::: DATA EXTRACTS :::
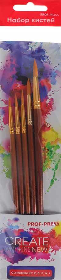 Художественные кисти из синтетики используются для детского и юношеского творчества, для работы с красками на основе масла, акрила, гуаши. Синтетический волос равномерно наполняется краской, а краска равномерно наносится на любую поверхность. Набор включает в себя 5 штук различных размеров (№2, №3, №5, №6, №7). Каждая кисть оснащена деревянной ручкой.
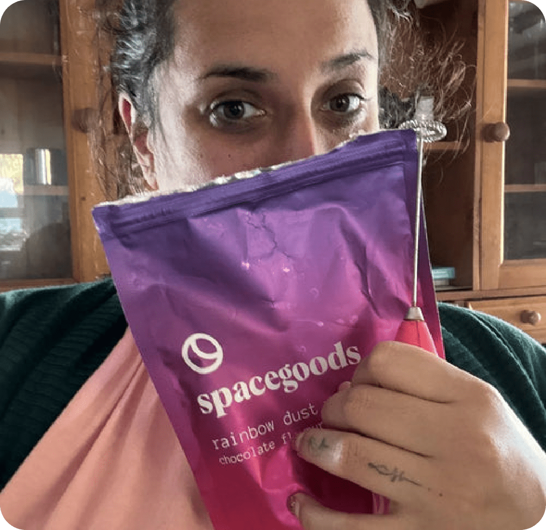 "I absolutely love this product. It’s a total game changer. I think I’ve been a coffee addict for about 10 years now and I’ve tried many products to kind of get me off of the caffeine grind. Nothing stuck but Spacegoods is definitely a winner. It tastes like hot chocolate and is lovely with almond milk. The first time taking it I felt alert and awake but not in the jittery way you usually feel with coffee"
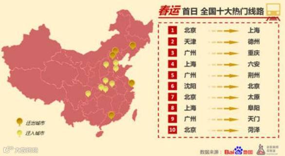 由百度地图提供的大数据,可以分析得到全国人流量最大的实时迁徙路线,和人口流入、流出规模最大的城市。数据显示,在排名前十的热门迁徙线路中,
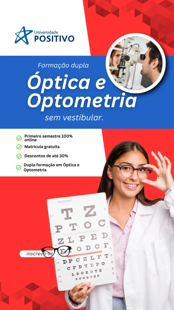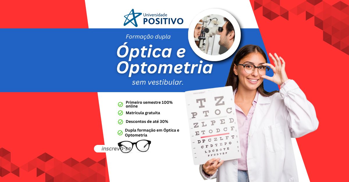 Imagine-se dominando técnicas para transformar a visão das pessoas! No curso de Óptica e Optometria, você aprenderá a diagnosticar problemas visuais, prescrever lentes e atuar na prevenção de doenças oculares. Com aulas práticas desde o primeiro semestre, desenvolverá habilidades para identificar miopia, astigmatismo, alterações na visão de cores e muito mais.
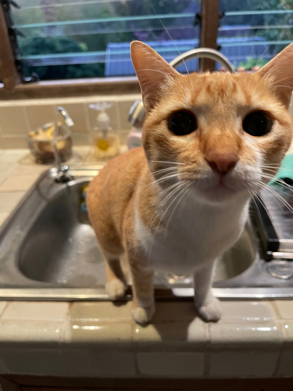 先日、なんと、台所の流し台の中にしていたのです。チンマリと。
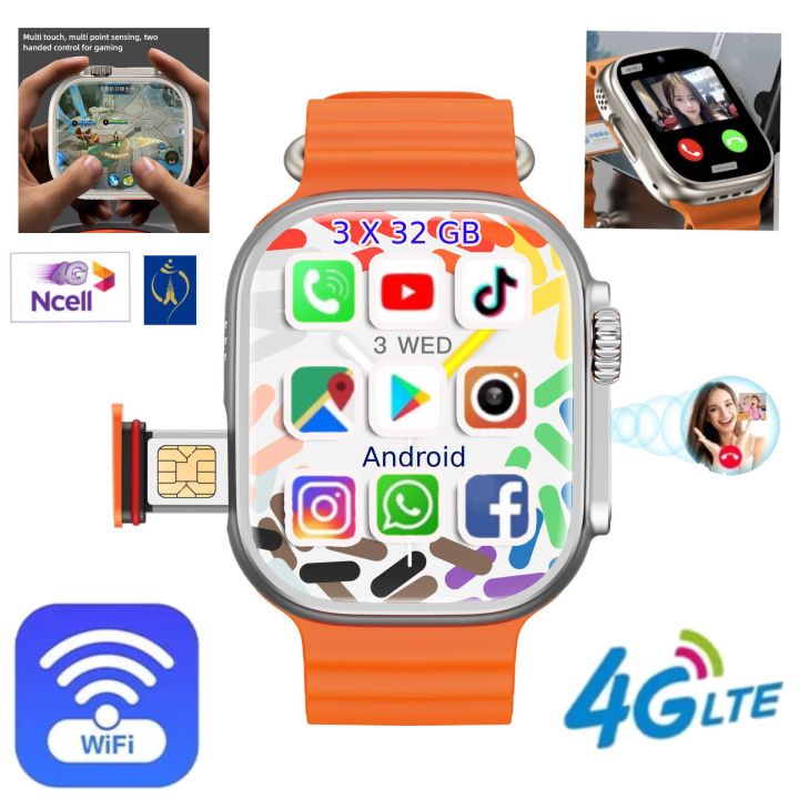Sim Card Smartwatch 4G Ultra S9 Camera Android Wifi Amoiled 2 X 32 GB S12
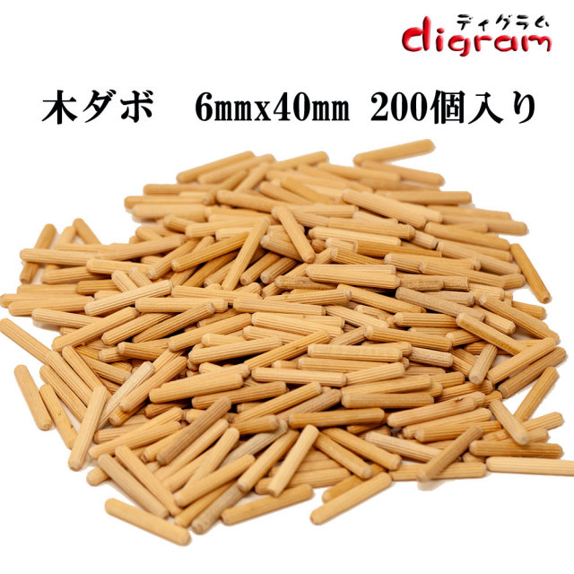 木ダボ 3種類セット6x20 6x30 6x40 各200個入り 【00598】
:::
WHAT IS NEEDED:
Leaving the pictures out, transcribe word for word the lines from the one with "先日、なんと、台所の流し台の中にしていたのです。チンマリと。" to the end of the material above, inclusive, and nothing else.

ANSWER TO THIS TASK:
 先日、なんと、台所の流し台の中にしていたのです。チンマリと。
Sim Card Smartwatch 4G Ultra S9 Camera Android Wifi Amoiled 2 X 32 GB S12
 木ダボ 3種類セット6x20 6x30 6x40 各200個入り 【00598】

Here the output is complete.